Increasing tree coverage outside forests - GulfToday

Increasing tree coverage outside forests

Meena Janardhan

Writer/Editor/Consultant. She has over 25 years of experience in the fields of environmental journalism and publishing.

Illustrative image.

Representational image.

A new initiative to increase tree coverage outside of forest lands in India in a bid to support global climate change mitigation and adaptation goals has been announced by the US and India.

The ‘Trees Outside Forests in India’ (TOFI) initiative is a new USD 25 million programme will bring together farmers, companies, and private institutions in India to rapidly expand tree coverage outside of traditional forests by 2.8 million hectares.

As the TOFI website explains, trees not only grow in forests but also beyond: in farms, pastures, meadows, parks, cities, along roads, rivers and across other non-forested landscapes. These trees outside of designated ‘forest’ areas are categorized as ‘Trees Outside Forests’. These trees help people thrive and survive. They provide food, materials, income, employment and livelihoods for millions of people and vital ecosystem services like clean air and water, habitat for animals, and help in climate regulation. They can also can help save our forests. Vast swathes of the world’s forests are being destroyed every day: mainly for agriculture, forest products (like food, paper, wood) and infrastructure development. TOF-based timber and medicinal products are emerging as major alternatives to products sourced from forests and can significantly reduce the pressure on forests.

“The Ministry of Environment, Forest, and Climate Change, the Government of India and the US Agency for International Development (USAID), on September 8, 2022, announced the launch of a new program, “Trees Outside Forests in India,” US Embassy in India said in a press statement, adding that the move will enhance carbon sequestration, support local communities, and strengthen the climate resilience of agriculture.

The programme will bring together farmers, companies, and private institutions in India to rapidly expand tree coverage outside of traditional forests by 28 lakh hectares. Through agroforestry, or integrating trees into farming systems, the program will improve the resilience of farming systems while increasing the income of farmers. The initiative will also use innovative financing models and leverage India’s private sector to promote tree-based enterprises, helping to create sustainable markets and improve rural economies and livelihoods, with the potential to benefit more than 13 million people.

The purpose of the activity is to expand the planting of trees outside of forests in India for enhanced provision of ecosystem services, especially carbon sequestration, and increased inclusive economic opportunities. Through the TOFI activity, USAID/India will support the Government of India and other stakeholders to increase the uptake of trees outside of forests in India by: strengthening an enabling environment that promotes and incentivizes planting of trees; increasing economic opportunities from trees outside of forests; and improving access to information to help scale planting trees outside forests in the country.

Implemented by a consortium led by the Center for International Forestry Research (CIFOR) and World Agroforestry (ICRAF), the program will be implemented in seven states including Andhra Pradesh, Assam, Haryana, Odisha, Rajasthan, Tamil Nadu, and Uttar Pradesh.

Announcing the launch, the Secretary for Environment, Forest, and Climate Change, Leena Nandan, said, “India and the U.S. are firmly committed to working closely in many areas including the forestry sector. At the global level, India is playing a prominent role in forming and shaping affirmative responses to the challenges faced by the forest and environment sector. India has undertaken rapid economic growth while successfully conserving and enhancing its forest resources and would continue to do so through strategic planning and focused implementation”.

Highlighting the US-India cooperation on climate change and forestry, the US Charge d’Affaires Patricia A Lacina, said, “As one of the world’s largest economies and a global leader in science and innovation, India plays a critical role in helping solve the climate crisis. This new program builds on the enduring US-India partnership to tackle the climate crisis by enhancing carbon sequestration and bolstering resilience in the face of climate threats. India’s achievements on these issues can provide models for the world.

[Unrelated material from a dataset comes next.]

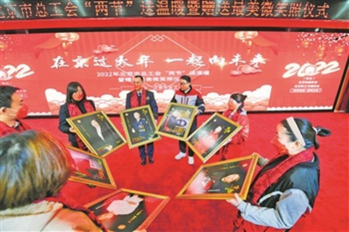 1月13日, 2022年北京市总工会“在京过大年,一起向未来”向一线劳动者赠送最美“微笑照”仪式在北京职工服务中心举行。活动现场,30名 “首都最美劳动者”“首都最美快递小哥”“首都最美送餐小哥”代表收到了北京市总工会为他们送上的新春祝福——装帧精美的“微笑照”和新春“福包”。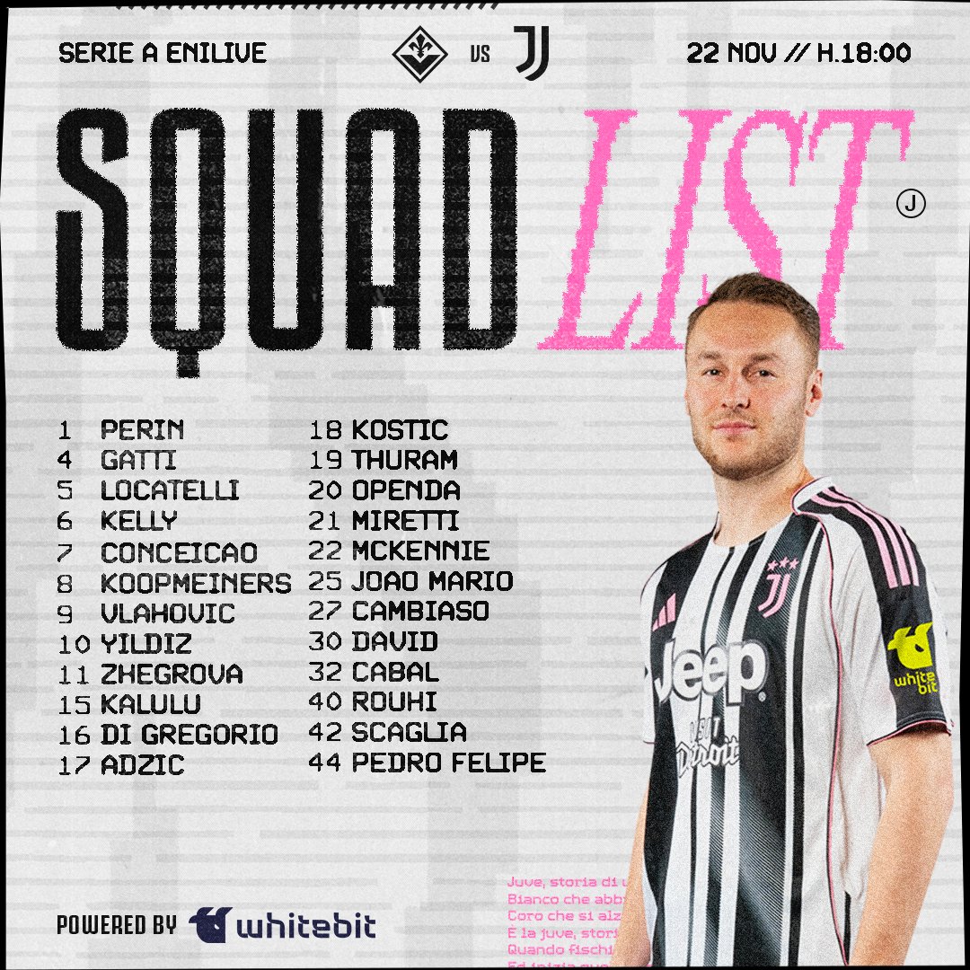 虎撲11月22日訊 尤文圖斯即將在意甲第12輪客場(chǎng)對陣佛羅倫薩,尤文官方公布了本場(chǎng)比賽大名單,佛羅弗拉霍維奇在列,大名單弗凱利和卡瓦爾傷愈復出?;貧w

As reported by the PTI, growing trees in agroforestry systems — a landscape restoration technique where farmers add trees to their land — and in and near cities can offer many environmental and socioeconomic benefits, according to a study by the World Resources Institute (WRI) India.

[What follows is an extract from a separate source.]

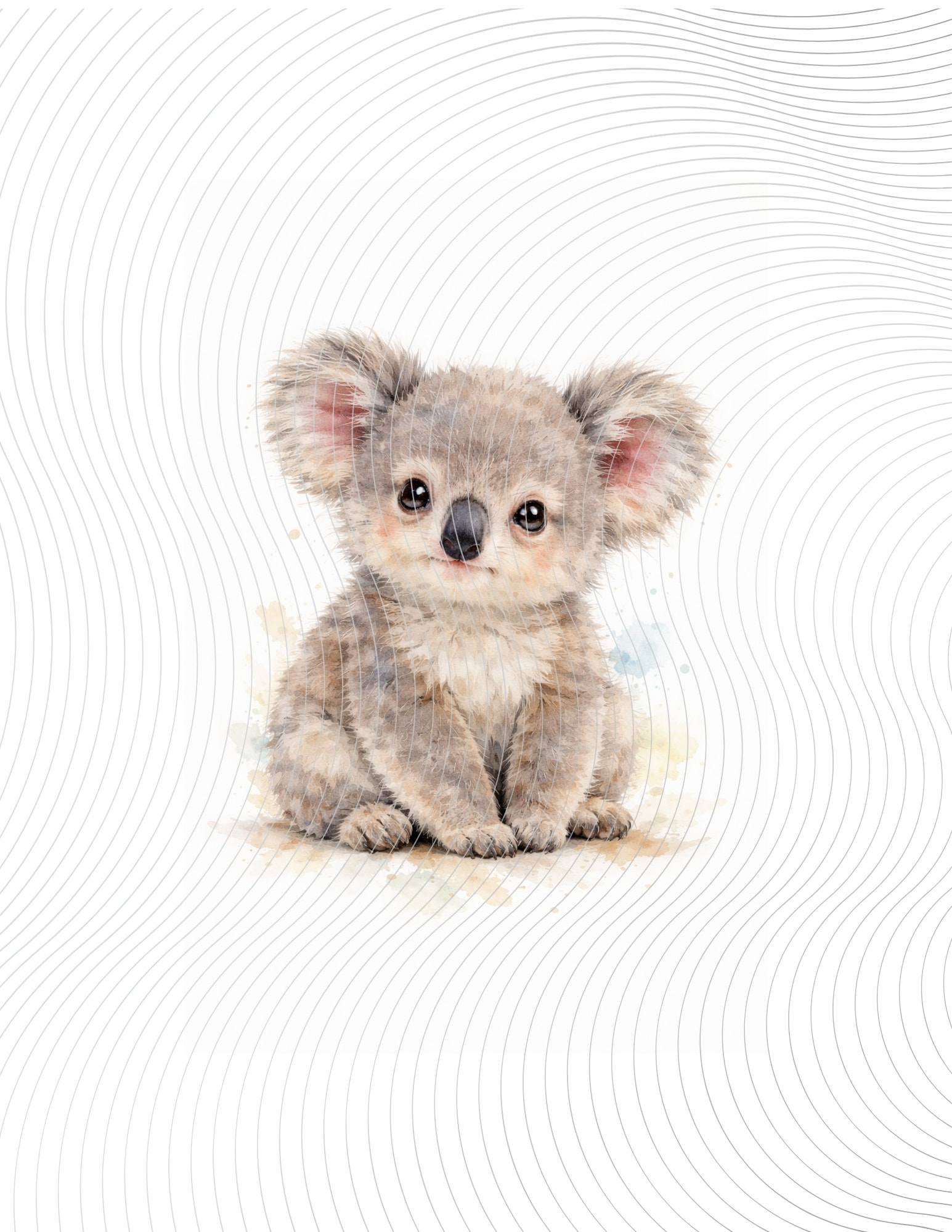 A soft watercolor baby koala with fluffy fur, rosy cheeks, and big gentle eyes, sitting sweetly and radiating calm cuteness.

The study by the global research non-profit organization also identified 10 types of incentives — seven monetary and three non-monetary — that policymakers use to encourage farmers to grow trees. Subsidies for planting material like saplings and infrastructure — greenhouses and irrigation — emerged as the most commonly available and utilized incentives, followed by direct technical assistance to farmers from government agencies.